Dossier

"Stil der offenen Türen" Erster Arbeitstag in Hessen

Knapp eine Stunde hielt Roland Koch den Tonfall eines präsidialen, allen Seiten im Landtag verpflichteten geschäftsführenden Ministerpräsidenten durch. Doch dann griff der hessische CDU-Regierungschef den politischen Gegner wieder direkt an. Das Lächeln von SPD-Generalsekretär Norbert Schmitt über seine Finanzpläne passte Koch nicht: "Wir sind, das sieht man dem Gesicht des Kollegen Schmitt noch nicht so an, eine Schicksalsgemeinschaft."

Der lichte, moderne Landtagsneubau in Wiesbaden erlebte am ersten regulären Arbeitstag der neuen Volksvertreter das gewohnte laute Türenknallen zwischen den politischen Lagern. Dabei hatten alle Seiten angesichts der unklaren Mehrheitsverhältnisse in Hessen eine neue Streitkultur, verbale Abrüstung und eine gemeinsame Kompromisssuche gelobt. Koch versprach dem Landtag sogar einen "Stil der offenen Türen". Doch weit trägt die Einigkeit nicht, die beiden großen Parteien verfolgen unvereinbare politische Projekte.

Mit Handschlag begrüßt

Koch tritt zwar moderater auf, seit neuem begrüßt er im Landtag alle Fraktionsvorsitzenden mit Handschlag, am Mittwoch nahm er selbst den Linken-Fraktionschef Willi van Ooyen nicht aus.
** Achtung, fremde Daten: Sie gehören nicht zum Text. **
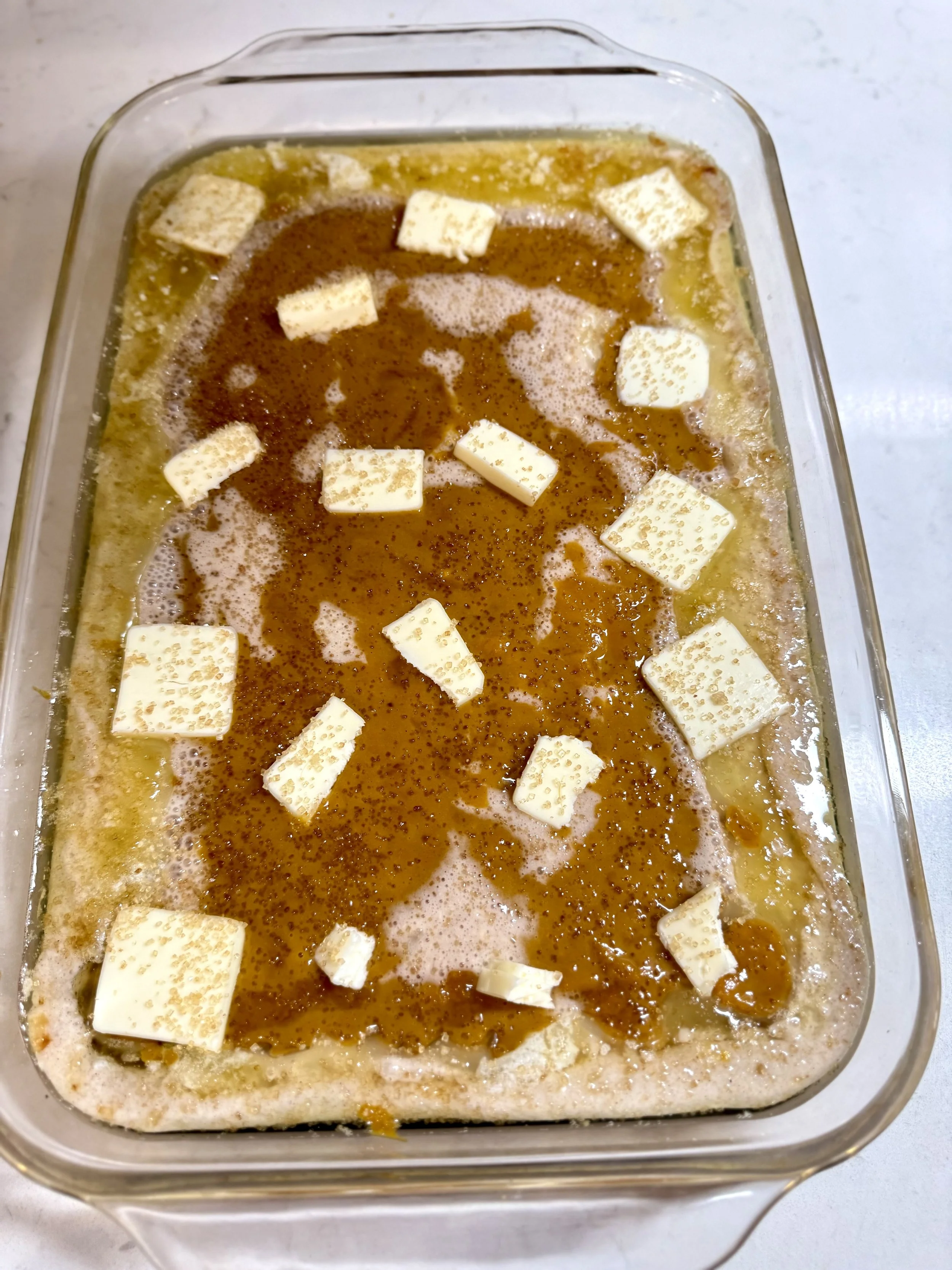 Pour the batter on top of the melted butter and DO NOT STIR!

Doch Kochs Regierungserklärung machte deutlich: Er will auch geschäftsführend möglichst viel CDU-Substanz in der Politik erhalten. Der Geldsäckel wird gegenüber den linken Parteien möglichst geschlossen gehalten. Irgendwann soll die Hängepartie in einer Jamaika-Koalition mit FDP und Grünen enden oder in einer Neuwahl, bei der Schwarz-Gelb nach jüngsten Umfragen besser dastünde als im Januar.

SPD-Chefin Andrea Ypsilanti verfolgt dagegen weiter ihr Projekt, Koch mit einer linken Mehrheit im Landtag vor sich her zu treiben und irgendwann abzulösen. Der frühere SPD-Regierungschef Holger Börner habe geschäftsführend zwar keine Mehrheit im Landtag gehabt, "aber er hatte auch keine gegen sich", belehrte Ypsilanti Koch. "Sie werden hier keine Heimspiele mehr haben", kündigte sie an und zeigte dem Regierungschef schon die Folterwerkzeuge. SPD, Grüne und Linke, die "verehrten Damen und Herren von der linken Front in diesem Haus" (FDP-Chef Jörg-Uwe Hahn), brachten ein Gesetz auf den Weg, die von der CDU eingeführten Studiengebühren zu kippen.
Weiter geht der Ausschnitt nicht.